I can use functools.reduce or min / max to get min and max of members in a list. But to get both in one pass I need to write a loop:
from functools import reduce
class foo:
def __init__(self,value): self.value = value
x = []
x.append(foo(1))
x.append(foo(2))
x.append(foo(3))
min_value = reduce(lambda a,b: a if a.value < b.value else b,x).value
max_value = reduce(lambda a,b: a if a.value > b.value else b,x).value
print(min_value)
print(max_value)
min_value2 = min(x,key=lambda a: a.value).value
max_value2 = max(x,key=lambda a: a.value).value
print(min_value2)
print(max_value2)
min_value3 = x[0].value
max_value3 = x[0].value
for f in x:
if f.value < min_value3: min_value3 = f.value
if f.value > max_value3: max_value3 = f.value
print(min_value3)
print(max_value3)
Is it possible to get min and max in one pass without writing a plain loop?

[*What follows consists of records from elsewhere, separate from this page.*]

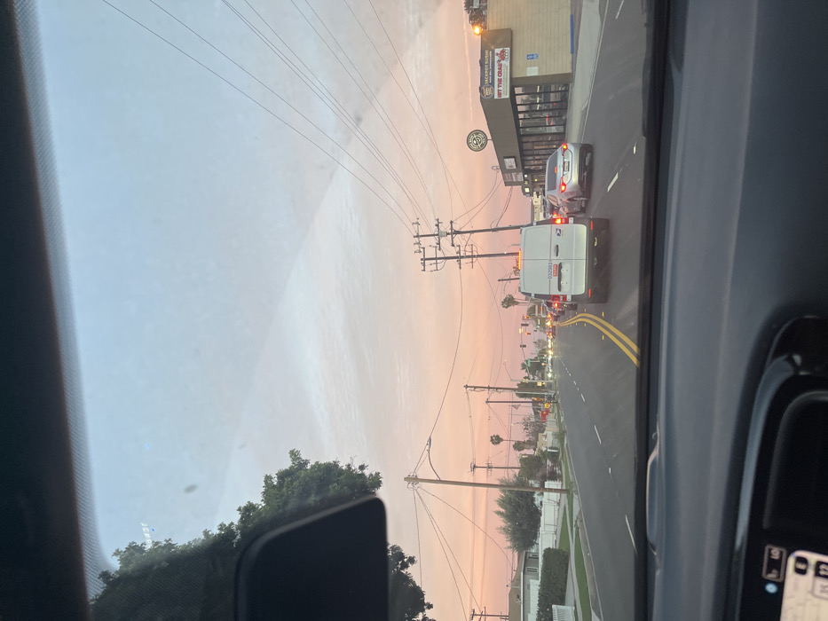 A view from inside a car shows a street scene at dusk. A white van and a silver sedan are in front, with a building partially visible on the right. Utility poles and lines stretch across the sky, which is tinted with pink and orange hues. The road has double yellow lines. The car's dashboard and windshield are in the foreground, partially obscuring the view.
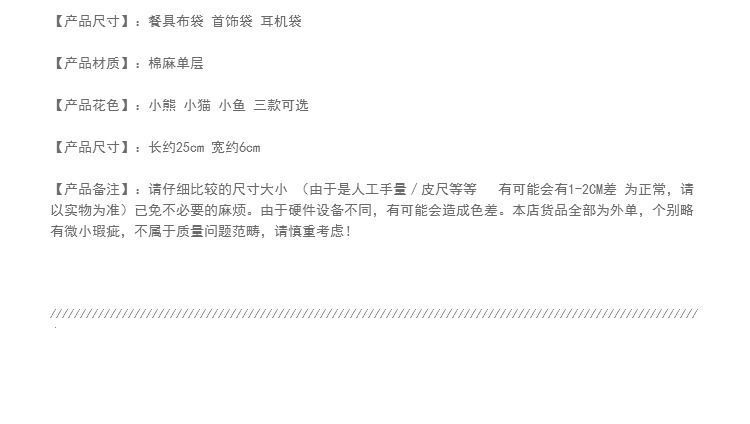 식기 젓가락 숟가락 가방 학생면 및 대마 젓가락 가방 만화 헝겊 가방 귀여운 휴대용 간단한 여행
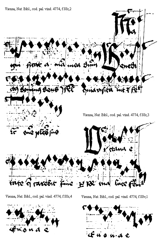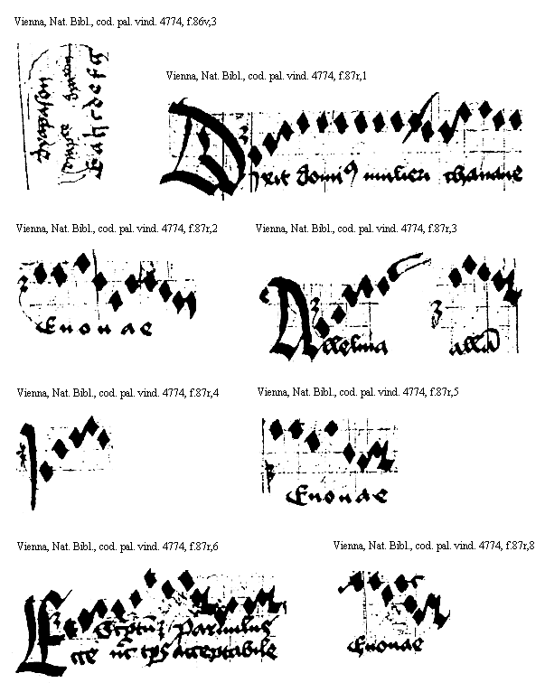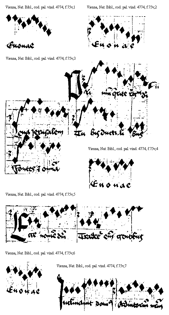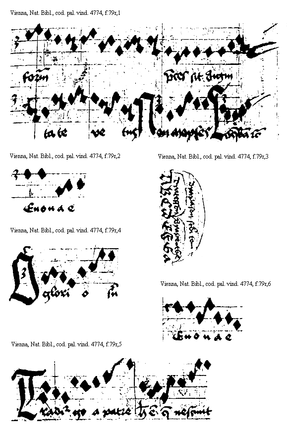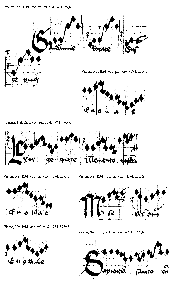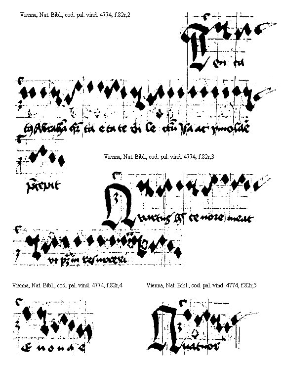 [Vienna, Nationalbibliothek, cod. pal. vind. 4774, f.79v,8; text: Tercia dies quod hec facta sunt, finalis tercii toni]
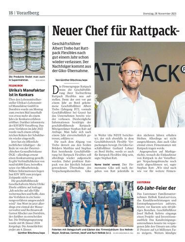 Geschäftsführer Albert Trebo hat Rattpack Flexibles nach gut einem Jahr schon wieder verlassen. Der Nachfolger kommt aus der Giko-Übernahme.
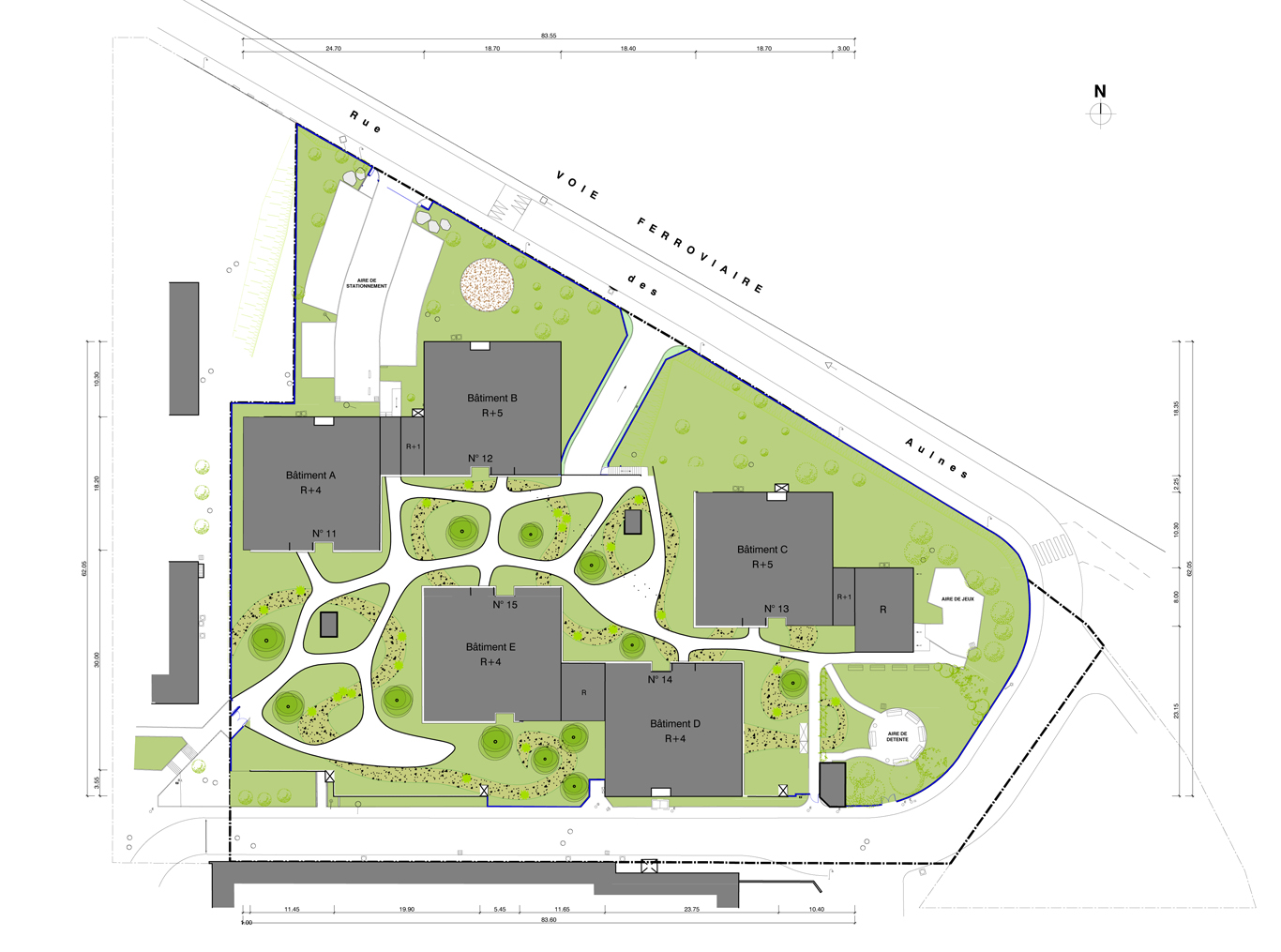 Ce projet d’aménagement paysager s’appuie sur l’observation : sa composition repose sur le tissage des flux des usagers allant et venant des immeubles, traversant la parcelle.

You could use a tuple as your aggregator. Something like this maybe?
min_value, max_value = reduce(lambda a, b:
(a[0] if a[0].value < b.value else b, a[1] if a[1].value > b.value else b),
x,
(x[0], x[1]))
The output should be a tuple where the first is the minimum and the second the maximum.
Example in the REPL, demonstrating that the objects requested are returned, and that the values are correct:
>>> class Foo:
... def __init__(self,value): self.value = value
...
>>> ls = [Foo(1), Foo(2), Foo(3)]
>>> min_value, max_value = reduce(lambda a, b: (a[0] if a[0].value < b.value else b, a[1] if a[1].value > b.value else b), ls, (ls[0], ls[1]))
>>> min_value
<__main__.Foo object at 0x10bd20940>
>>> min_value.value
1
>>> max_value.value
3
For what it's worth, though, I think it's a little clearer if you use a helper function. In this way it's easier to think cleanly about what your accumulator is (your Tuple) and how you're doing the comparison and using reduce().
from typing import Tuple
from functools import reduce
class Foo:
def __init__(self, value): self.value = value
def __repr__(self):
return f"{self.value}"
def min_max(accumulator: Tuple[Foo, Foo], element: Foo) -> Tuple[Foo, Foo]:
minimum, maximum = accumulator
return (minimum if minimum.value < element.value else element,
maximum if maximum.value > element.value else element)
ls = [Foo(x) for x in range(0, 4)] # Or however you construct this list
minimum, maximum = reduce(min_max, ls, (ls[0], ls[0]))
print(f"{minimum=} {maximum=}")
Yielding:
minimum=0 maximum=3